3 czerwca 2011, 19:04
Od razu mowie ze to skomplikowane ale wazne i bylabym wdzieczna jakbyscie pomogli..
Jestem w 2 klasie liceum, od samego początku nie umiałam dogadać się z moją klasą, pomimo tego ze nigdy wczesniej nie mialam takich problemow....klasa jest fałszywa, tacy typowi lanserzy, ze co to nie oni...
Za kazdym razem gdy jest jakis sprawdzian i komus uda sie dowiedziec jakie bedą np. zadania kazdy przekazuje sobie odp., ale nigdy do mnie nie dochodzą i przedemną je ukrywają i zawsze jestem jedyną osobą ktora pisze wtedy uczciwie i naprawde z wlasnej glowy i wiedzy...
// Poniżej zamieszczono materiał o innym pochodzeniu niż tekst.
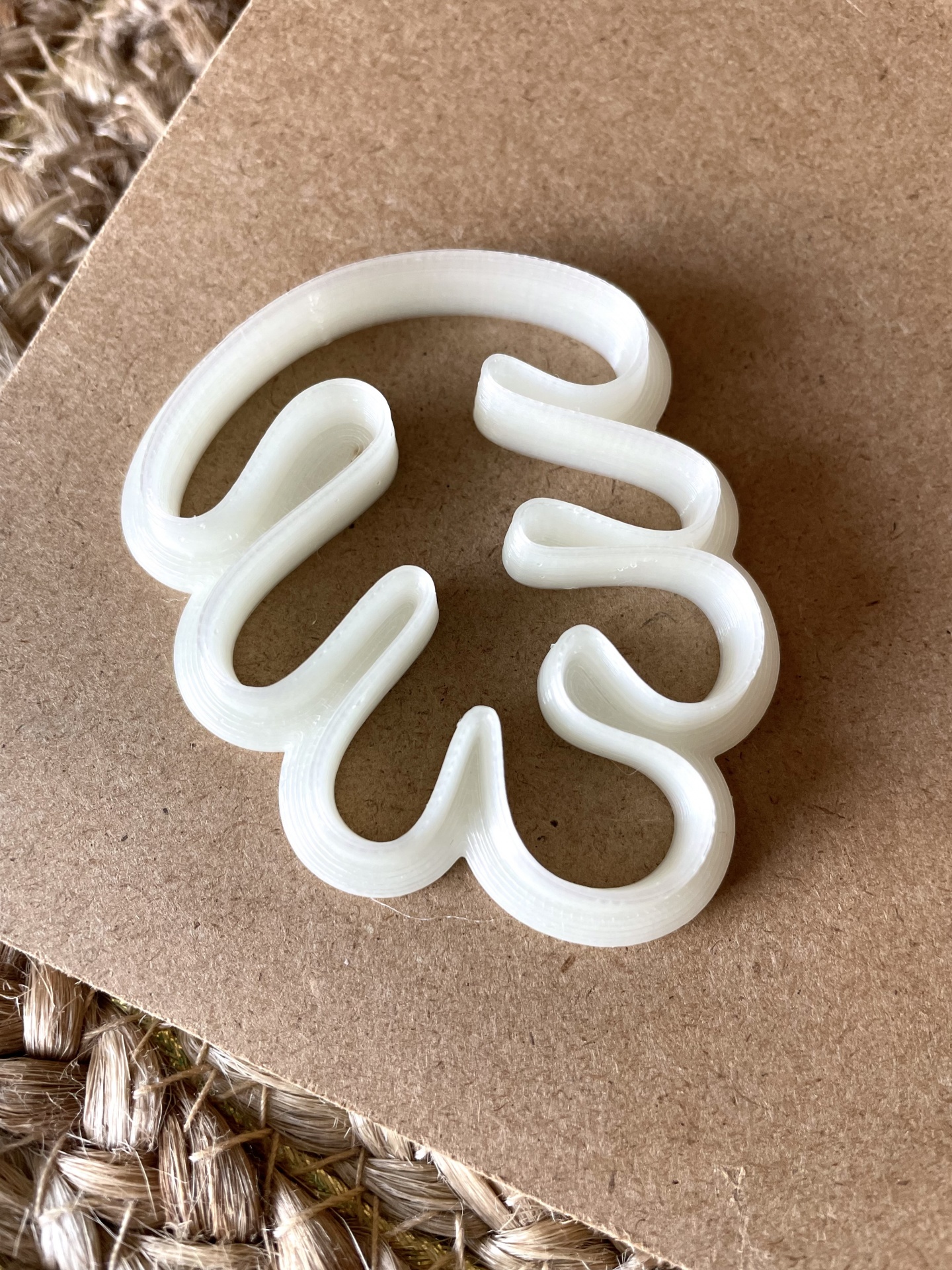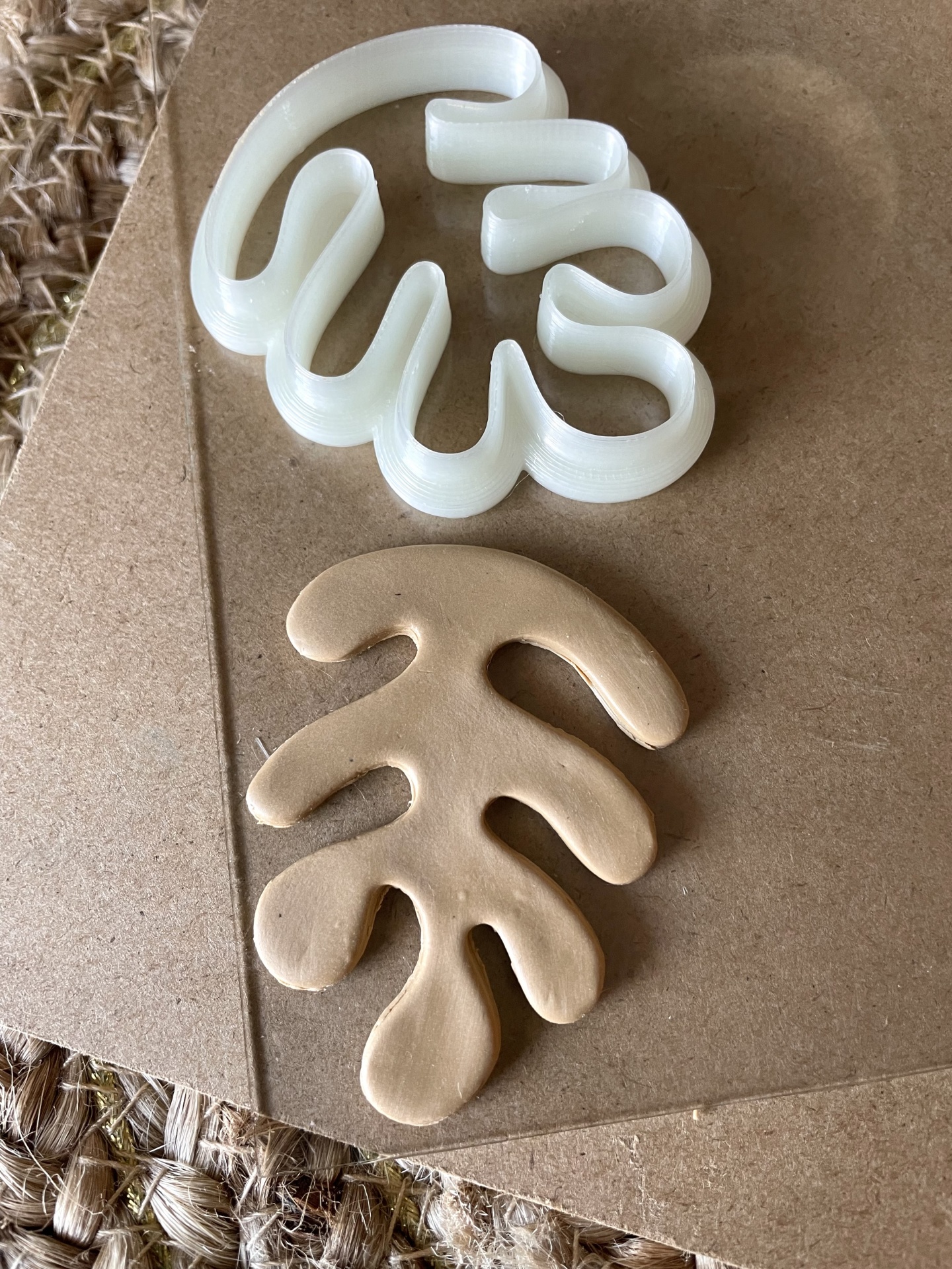 • Dois moldes em forma de folha, um branco e outro bege, sobre cartão e tapete trançado.

Dzisiaj była taka sama sytuacja...nauczycielka zrobila nam probną mature z francuskiego im jakos udalo sie dowiedziec z jakiego roku nam da i oczywiscie wszyscy mieli odp., oprocz pisania listu..., ale ja oczywiscie tych odp. nie dostalam....z francuskiego nie idzie mi najlepiej (ale jest wiele gorszych osob w mojej grupie ode mnie), ale nauczycielka ubzdurala sobie ze mam jakis talent ja go nie wiedze no ale niewazne...
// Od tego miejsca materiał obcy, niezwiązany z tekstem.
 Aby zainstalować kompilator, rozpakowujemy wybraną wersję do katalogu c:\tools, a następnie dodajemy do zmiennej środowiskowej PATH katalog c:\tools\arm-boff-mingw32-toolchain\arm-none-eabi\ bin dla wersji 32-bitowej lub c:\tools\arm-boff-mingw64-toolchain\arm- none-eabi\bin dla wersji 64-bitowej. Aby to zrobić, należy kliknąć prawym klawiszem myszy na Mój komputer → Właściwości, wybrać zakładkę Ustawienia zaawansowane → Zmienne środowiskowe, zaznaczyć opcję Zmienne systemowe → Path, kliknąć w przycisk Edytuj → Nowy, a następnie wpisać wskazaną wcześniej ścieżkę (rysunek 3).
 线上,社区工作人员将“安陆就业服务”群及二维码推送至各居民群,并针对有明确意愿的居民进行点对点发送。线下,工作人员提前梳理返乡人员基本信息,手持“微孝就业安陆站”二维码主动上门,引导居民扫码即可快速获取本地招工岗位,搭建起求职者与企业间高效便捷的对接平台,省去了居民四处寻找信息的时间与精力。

i teraz pojawia sie problem bo związku ich gotowcami ja znowu bede miala najgorszy wynik i znowu nauczycielka bedzie miala pretensje.....zastanawiam sie czy jej nie zasugerowac(czyli poprostu nakapowac dyskretnie) jaka jest sytuacja i dlaczego im tak dobrze poszlo a mi nie....co myslicie???z jedenej strony nie chce tego robić, ale z drugiej tak bardzo nienawidze tych ludzi juz tyle upokorzen przez nich przeszlam ze sami rozumiecie.....a jesli to wazne, to ja nie bede pierwszą osobą w klasie ktora by powiedziala ze ktos np sciagal
juz jedna dziewczyna kiedys tak zrobila jak zobaczyla ze jakis chlopak spisal cos z ksiązki na spr. tego chlopaka juz nie ma u nas w klasie bo nie wytrzymal z nimi psychicznie chyba.....pomozcie...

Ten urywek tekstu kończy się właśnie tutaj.